▼▼▼

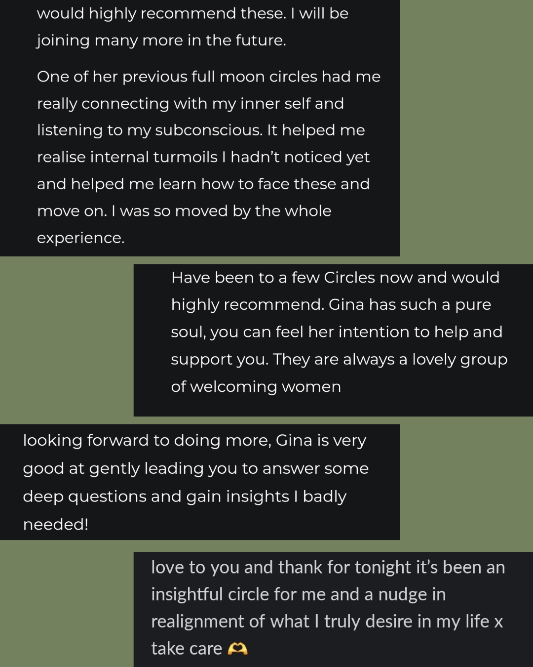 Risk-free: Show up to your first circle, if it doesn’t light you up, just let me know within 24 hours and I’ll refund you. No hard feelings.
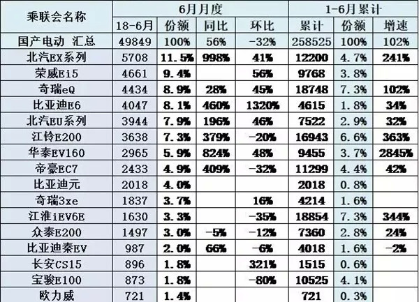 在最新政策 “续航越高补贴越多”的刺激下,A00级纯电动车在6月的整体销量迅速败下阵来,前十的位置只剩下奇瑞EQ、江铃EV200以及华泰EV160。补贴缩水之后,微型电动车面临着两条路:续航不足150公里的,由于不再享受补贴最后会被消费者淘汰,而仅有不足200公里续航的车型销量严重下滑。由于新政策下每增加50公里续航可以享受1万元的补贴差额,拥有200公里续航的奇瑞EQ在6月份有了明显的销量上涨。
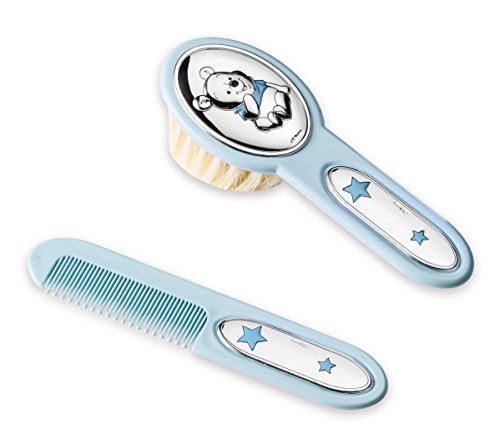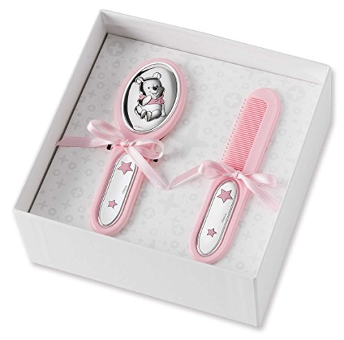 Disney Baby Petite enfance - Coffret cadeau avec brosse à cheveux et peigne indispensable entre les accessoires pour bébé avec finitions Winnie l'ourson en argent

▲▲▲

Problem: Reproduce the listing word for word. Do not carry over the pictures.

Solution for this task:
 Risk-free: Show up to your first circle, if it doesn’t light you up, just let me know within 24 hours and I’ll refund you. No hard feelings.
 在最新政策 “续航越高补贴越多”的刺激下,A00级纯电动车在6月的整体销量迅速败下阵来,前十的位置只剩下奇瑞EQ、江铃EV200以及华泰EV160。补贴缩水之后,微型电动车面临着两条路:续航不足150公里的,由于不再享受补贴最后会被消费者淘汰,而仅有不足200公里续航的车型销量严重下滑。由于新政策下每增加50公里续航可以享受1万元的补贴差额,拥有200公里续航的奇瑞EQ在6月份有了明显的销量上涨。
 Disney Baby Petite enfance - Coffret cadeau avec brosse à cheveux et peigne indispensable entre les accessoires pour bébé avec finitions Winnie l'ourson en argent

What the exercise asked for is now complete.